### WHAT IS BEING ASKED
What you return must match, exactly, the lines running from the one containing "Glazed in blue" to the end of the data, both included, and must contain no pictures.

### SOURCE MATERIAL
-=-=-=-=-

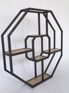 Ons design wandmeubel in honingraat heeft een hoogte van 140 cm en een breedte van 118 cm. De diepte is 30 cm. Het materiaal is geolied staal in combinatie met houten leggers. Een behandeling met olie geeft een beschermlaag met behoud van het stoere karakter aan het staal. Dit wandmeubel is ook leverbaar met pootjes, voor een nog opvallender design. Het idee achter dit design wandmeubel is om een echte eyecatcher te creëren in uw interieur, om uw mooiste objecten tentoon te stellen. U kunt het wandmeubel tegen een wand plaatsen of als roomdivider gebruiken. Andere maatvoeringen of afwerkingen, zoals een andere kleur of houtsoort, zijn mogelijk. Neem dan contact met ons op, zodat we het concept naar uw wensen kunnen uitbreiden of vormgeven.
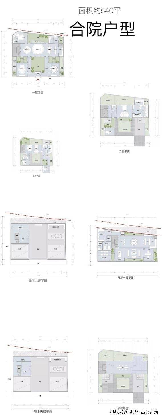 ·风貌联排合院151套(建面约250-1200㎡,主力户型约300-500㎡)
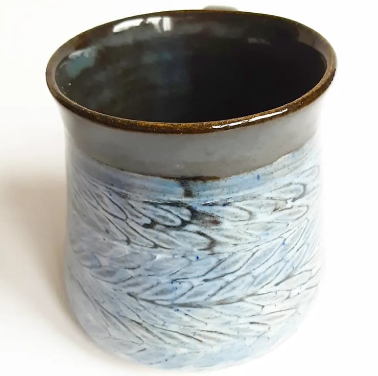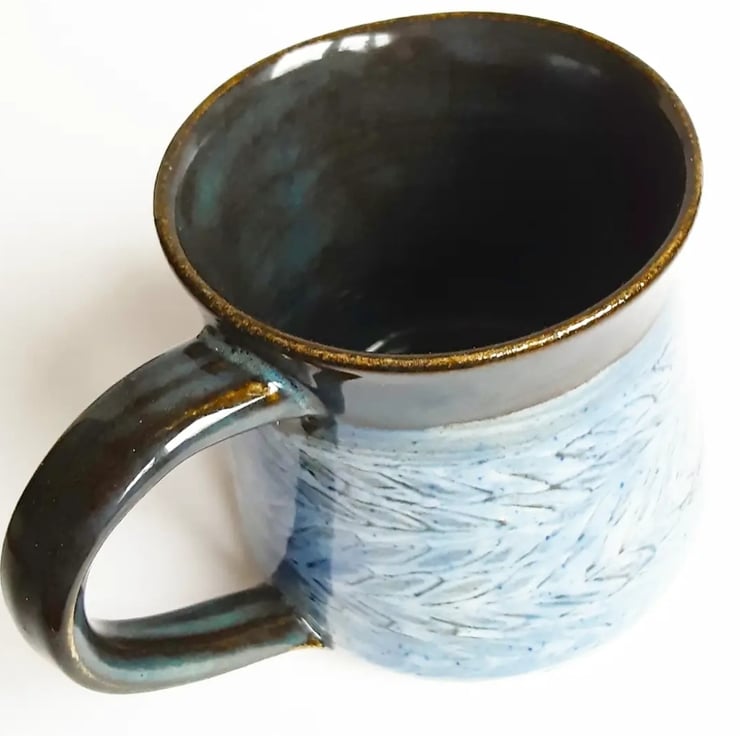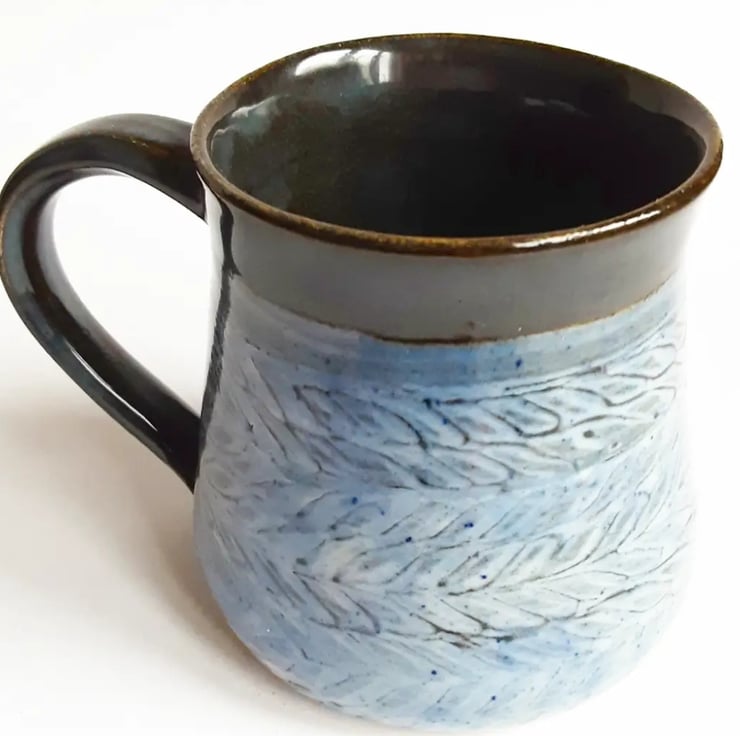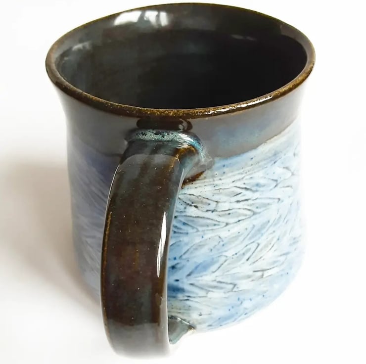 Glazed in blue glazes with a pattern on the mug.
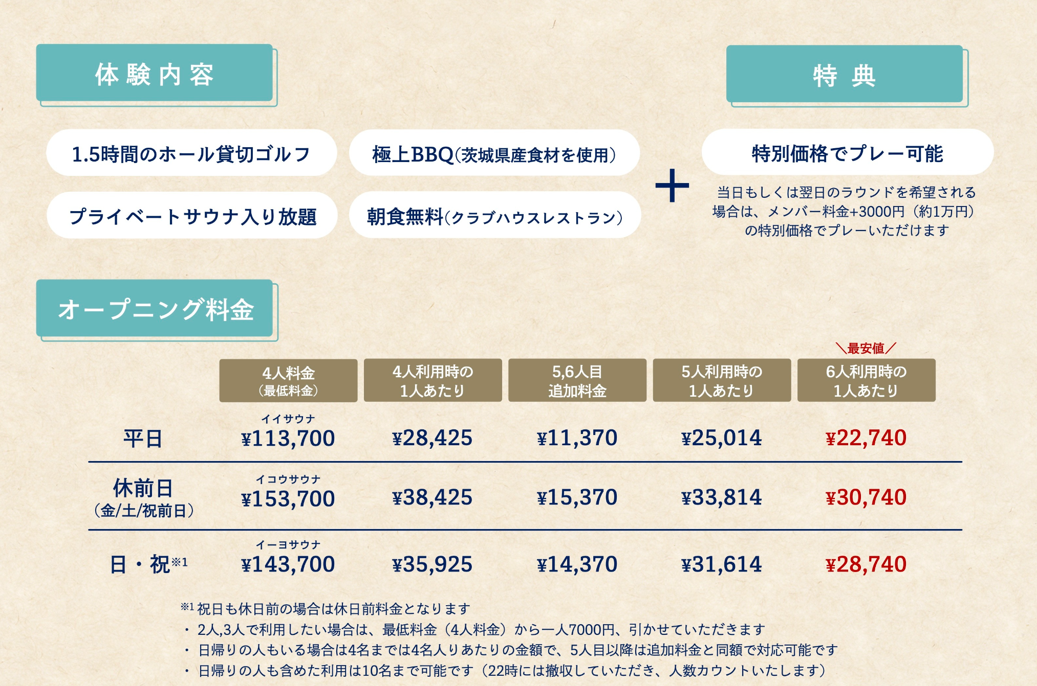 HOLE37の宿泊者は約1時間半〜2時間の間、無料の貸切ゴルフ体験が可能です。

-=-=-=-=-

### ANSWER TO THE EXERCISE
 Glazed in blue glazes with a pattern on the mug.
 HOLE37の宿泊者は約1時間半〜2時間の間、無料の貸切ゴルフ体験が可能です。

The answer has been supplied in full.